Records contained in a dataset
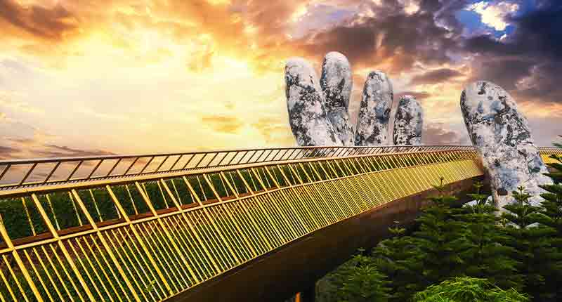 Experience the feeling of walking in the clouds when you walk on the Golden Bridge, which seems to be supported by a pair of giant hands jutting out of the mountain.
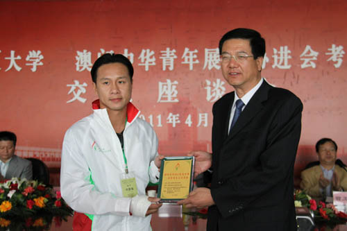 座谈会上,校资助管理中心主任郑燕玲致欢迎辞,林家伟介绍了澳门中华青年展志协进会情况,澳门学生代表介绍了澳门的历史文化。考察团对我校学生进行了捐助,并向我校赠送了纪念品。
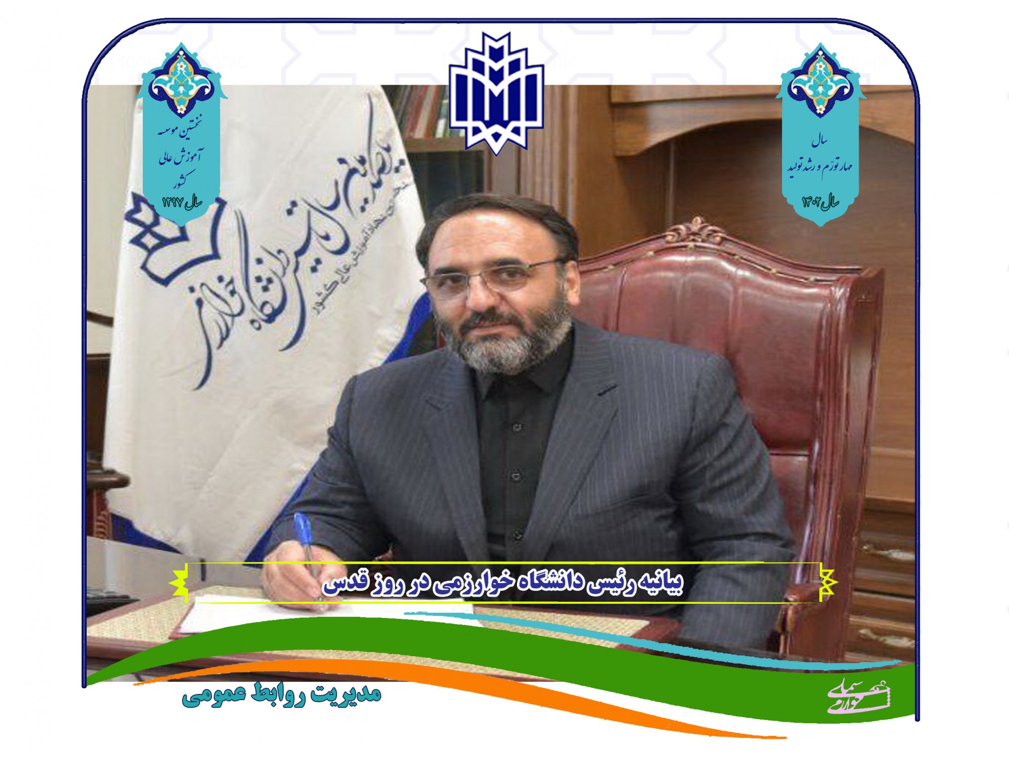 اینک دستان اسرائیل ظالم و آمریکای جنایتکار که بت شکن انقلاب آن را شیطان بزرگ نامیده است به خون انسان های فراوانی در جای جای دنیا آغشته است و این بی آبرویی تا آخرالزمان از چهرۀ به ظاهر حامی حقوق بشری آن ها پاک نخواهد شد. دانشگاهیان دانشگاه خوارزمی همراه با همۀ آزادیخواهان جهان ابراز نفرت خود را از جنایات دد منشانه ظالمین جهان اعلام داشته و اعتقاد دارد با خون شهیدان گلگون کفن و وعدۀ الهی جهان از آن مظلومین و مستضعفان است.
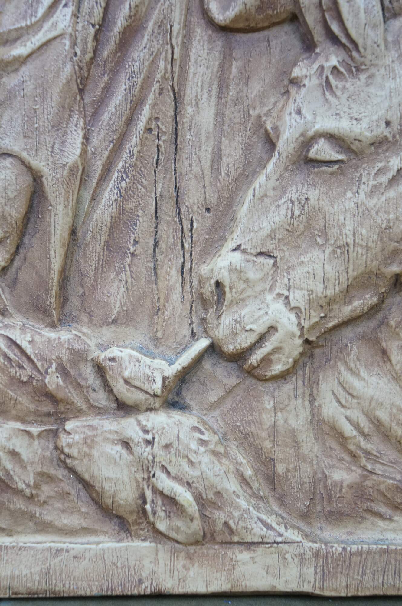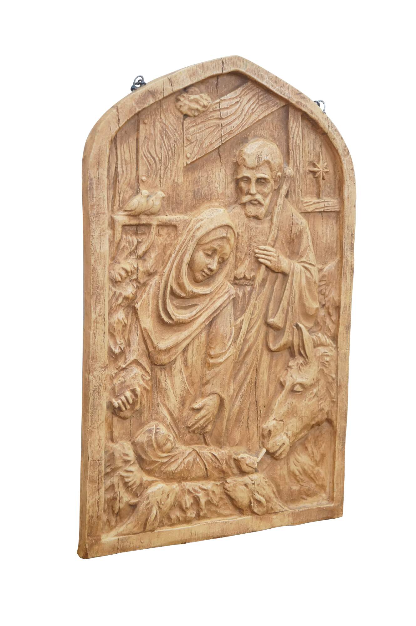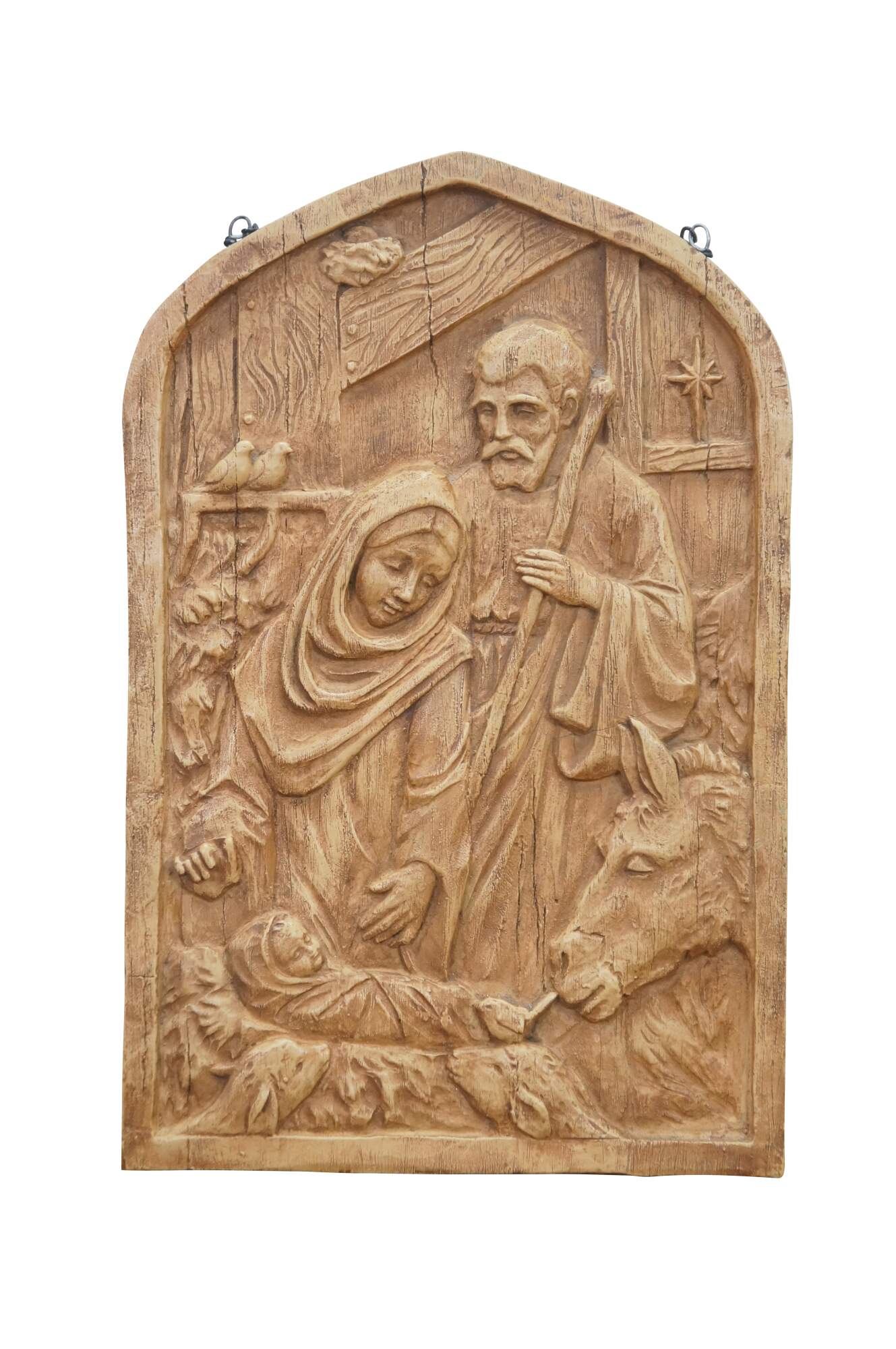 Vintage resin faux carved wood high relief Christmas Nativity plaque depicting the Holy Family (Mary, Joseph, and Baby Jesus) in a scene with birds, sheep and a donkey.
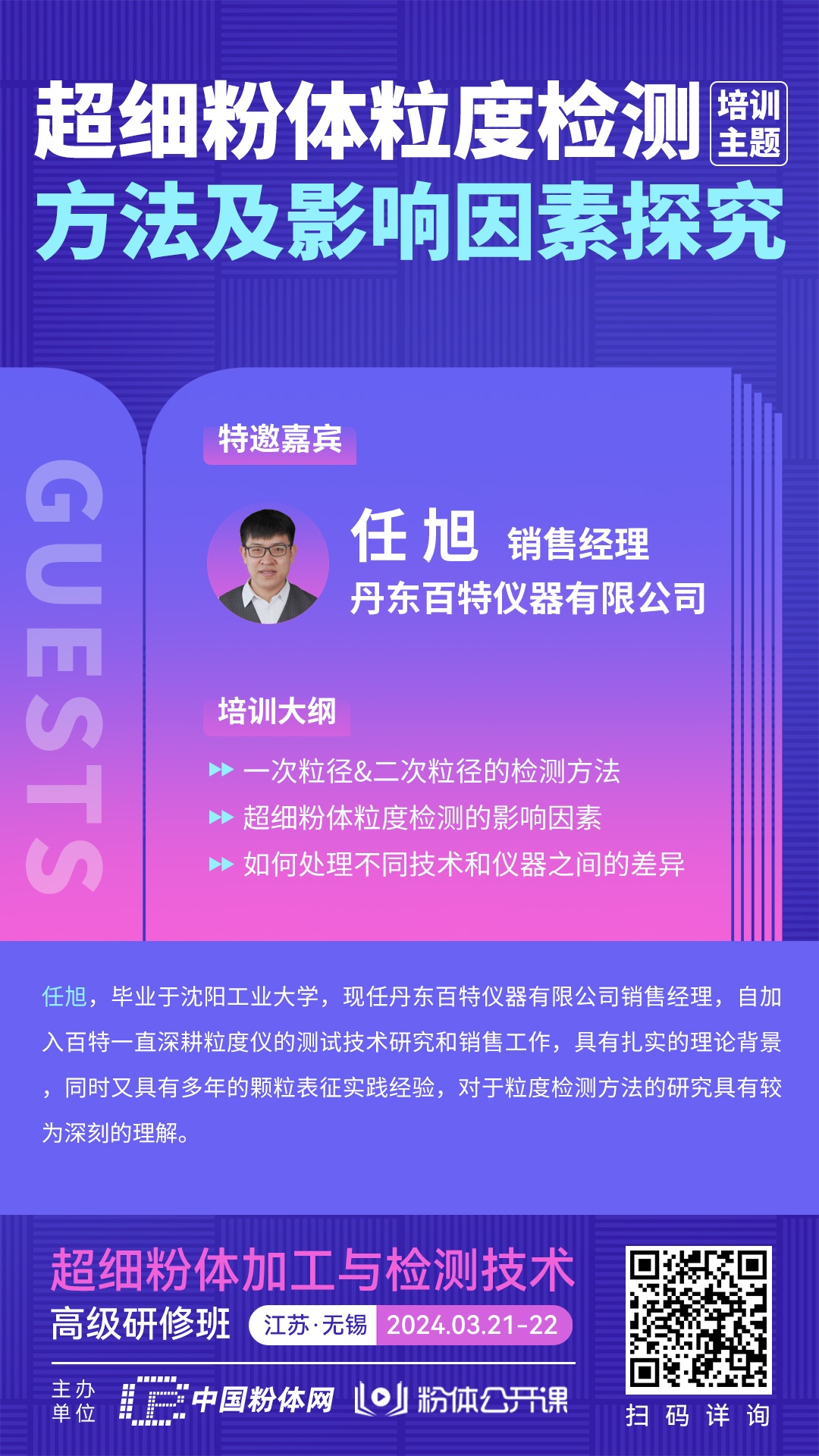 本次培訓(xùn)班特邀丹東百特儀器有限公司任旭銷(xiāo)售經(jīng)理帶來(lái)《超細(xì)粉體粒度檢測(cè)方法及影響因素探究 》!歡迎大家積極報(bào)名參會(huì)學(xué)習(xí)!
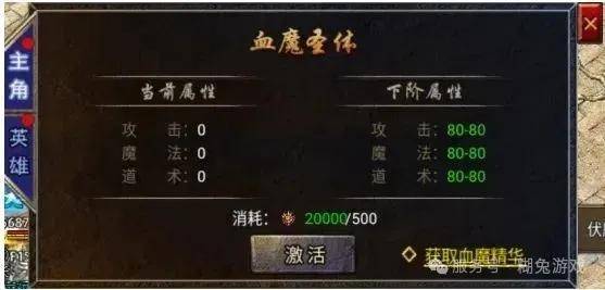 升级血魔需要的基础材料血魔精华/金刚之精这些材料获取途径比较多,升级到后期还需要血魔心脏/魔血油等材料。血魔精华/金刚之精等在各类活动中都有提供,而血魔心脏/魔血油在开服前期获取途径较少,到游戏后期也会存在于各类游戏活动中,非常容易获取。
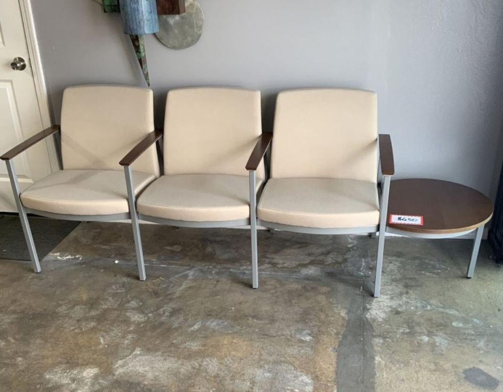 Description A row of three chairs with an end table. The chairs have beige dillion fabric which is antimicrobial and easy to clean. only one set is available.

▸ **Work to complete**: The answer must consist of the line containing "升级血魔需要的基础材料血魔精" and every line after it through the end of the records, retyped exactly, with all pictures left out.

▸ **Exercise answer**:
 升级血魔需要的基础材料血魔精华/金刚之精这些材料获取途径比较多,升级到后期还需要血魔心脏/魔血油等材料。血魔精华/金刚之精等在各类活动中都有提供,而血魔心脏/魔血油在开服前期获取途径较少,到游戏后期也会存在于各类游戏活动中,非常容易获取。
 Description A row of three chairs with an end table. The chairs have beige dillion fabric which is antimicrobial and easy to clean. only one set is available.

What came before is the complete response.